The 2017 Pro Bowl (branded as the 2017 Pro Bowl presented by Aquafina for sponsorship reasons) was the National Football League's all-star game for the 2016 season, which was played at Camping World Stadium in Orlando, Florida, on January 29, 2017. The game was the first in a three-year deal to host the Pro Bowl in Orlando, which also included cross-promotional events (such as a newly established skills competition) held at the Walt Disney World Resort (which is owned by the primary parent company of the game's broadcaster, ESPN).

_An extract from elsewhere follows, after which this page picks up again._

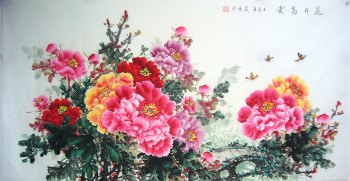 第一字画网的六尺富贵牡丹图,六尺牡丹作品裱完后尺寸近2.2米,牡丹寓意着富贵吉祥,作品上又写着花开富贵四个字,是一幅性价比不错的六尺作品,如果放在画廊出售,美琦老师此副六尺富贵牡丹图裱完后的标价在1600元左右。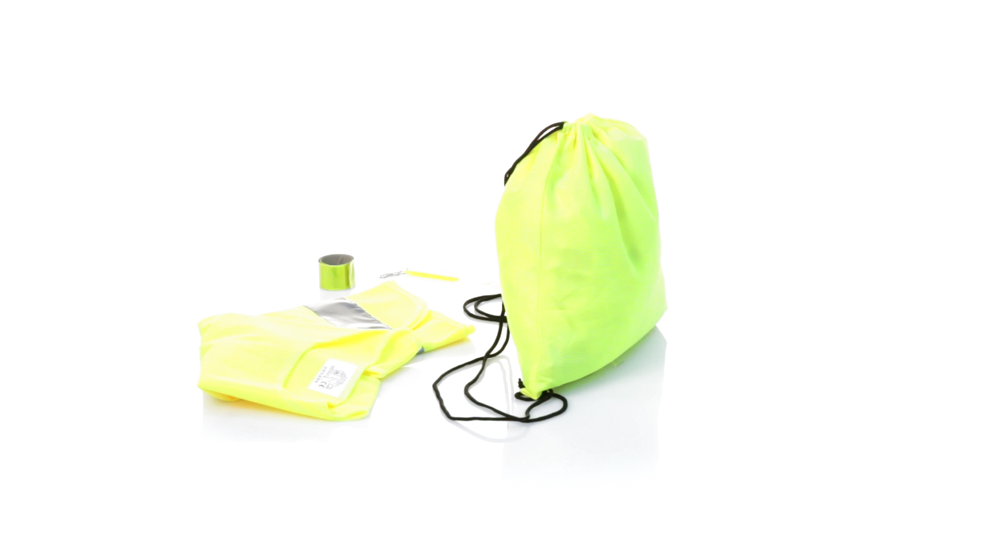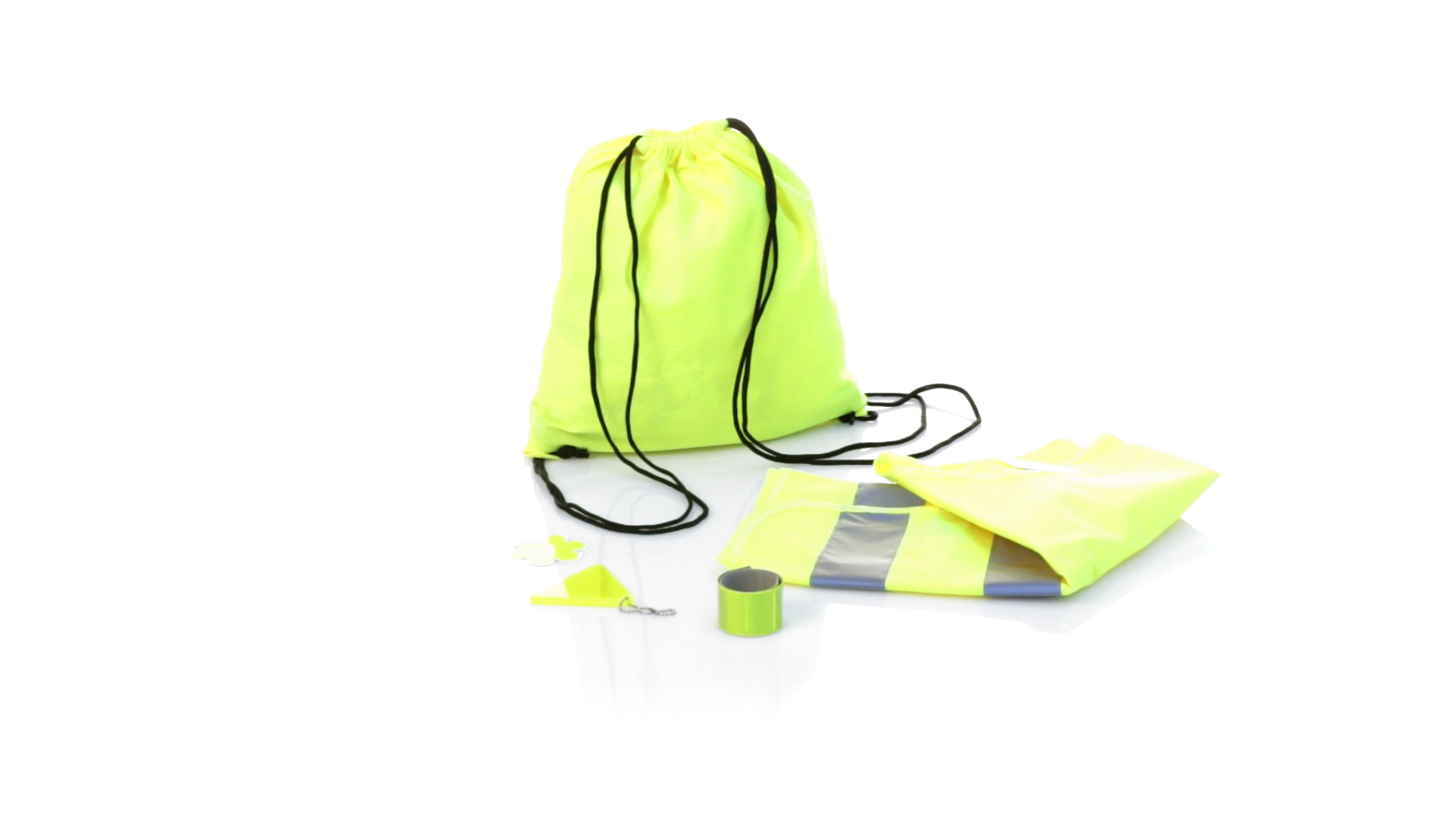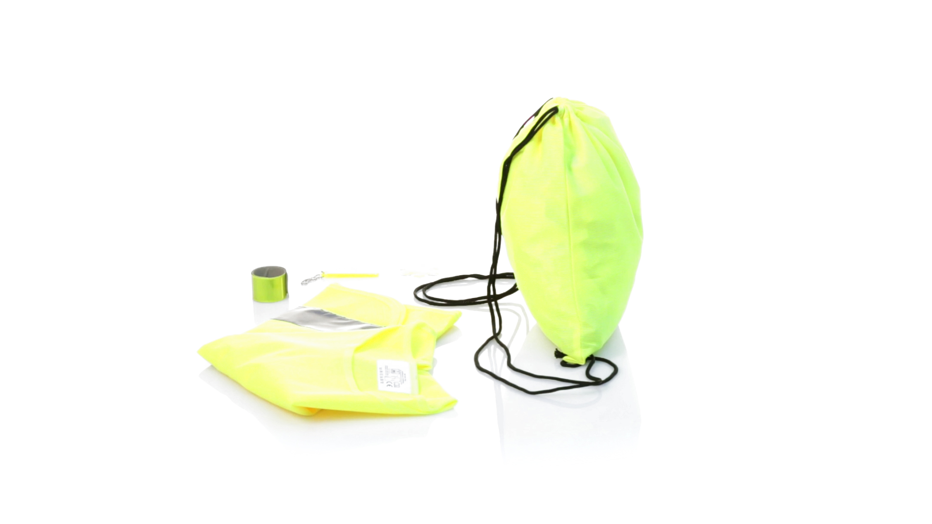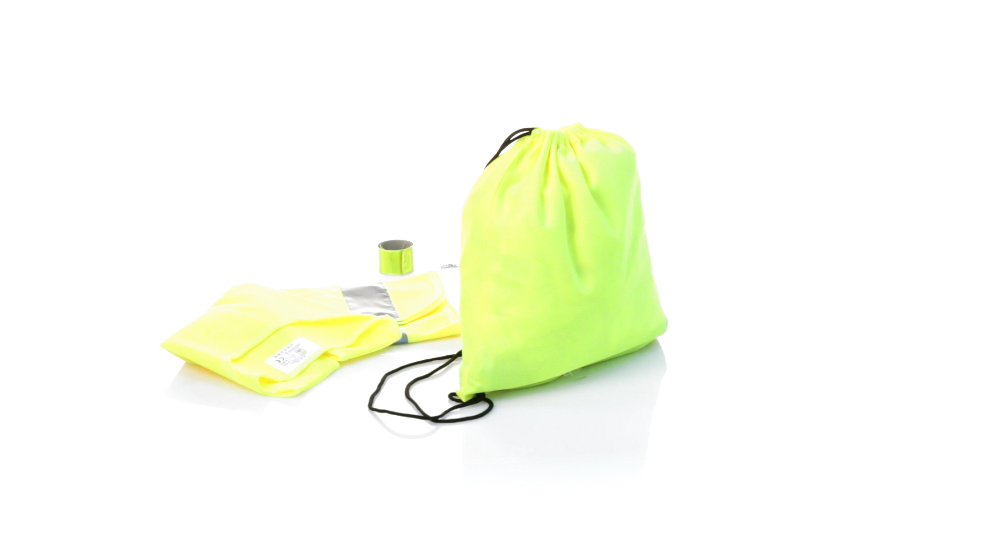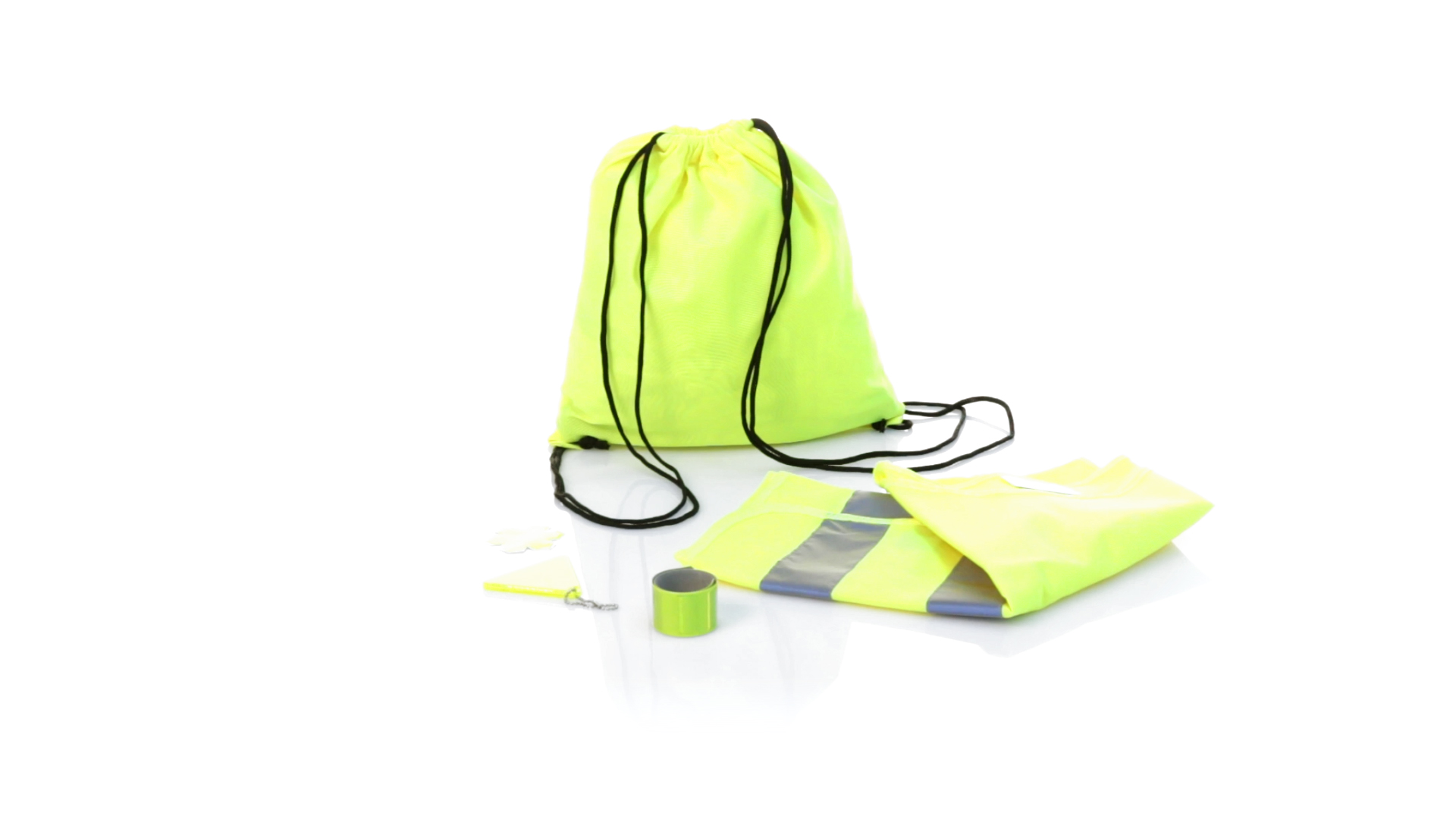 Kinder-Sicherheitsset mit hoher Sichtbarkeit in hellem Gelb. Enthält reflektierende Weste, Rucksack mit Kordelzug mit den Massen 28 x 33 cm, reflektierenden PVC-Schlüsselanhänger, reflektierendes Schnapparmband und reflektierenden Aufkleber.

After three years of using a draft format, the 2017 Pro Bowl returned to the previous conference-based format, played between all-star teams representing the American Football Conference and National Football Conference. The AFC all-stars were coached by Andy Reid, and the NFC all-stars were coached by Jason Garrett.

Background

Host selection process
At least five locations were in contention to host the 2017 Pro Bowl, with four submitting formal bids.
Aloha Stadium in Hawaii, the site of the Pro Bowl from 1980 to 2009, 2011–2014, and 2016.
NRG Stadium in Houston, Texas, the site of Super Bowl LI.
Camping World Stadium in Orlando, Florida, where Pro Bowl rightsholder ESPN has operations at Walt Disney World.
An unidentified stadium in Sydney, New South Wales, Australia.
Maracanã Stadium in Rio de Janeiro, Brazil. The stadium, which had recently been renovated for the 2014 FIFA World Cup and 2016 Summer Olympics, was discussed as a potential hosting site for the event, but Brazil ultimately declined to place a bid.

On June 1, 2016, the NFL announced that it had awarded the next three Pro Bowl games to Orlando.

Side events 
Commissioner Roger Goodell announced that the 2017 Pro Bowl would be a "week-long celebration for football and our fans"; a number of family-oriented side events was held at the Walt Disney World Resort and its ESPN Wide World of Sports Complex, including practices, a 5K run, youth events, and player appearances.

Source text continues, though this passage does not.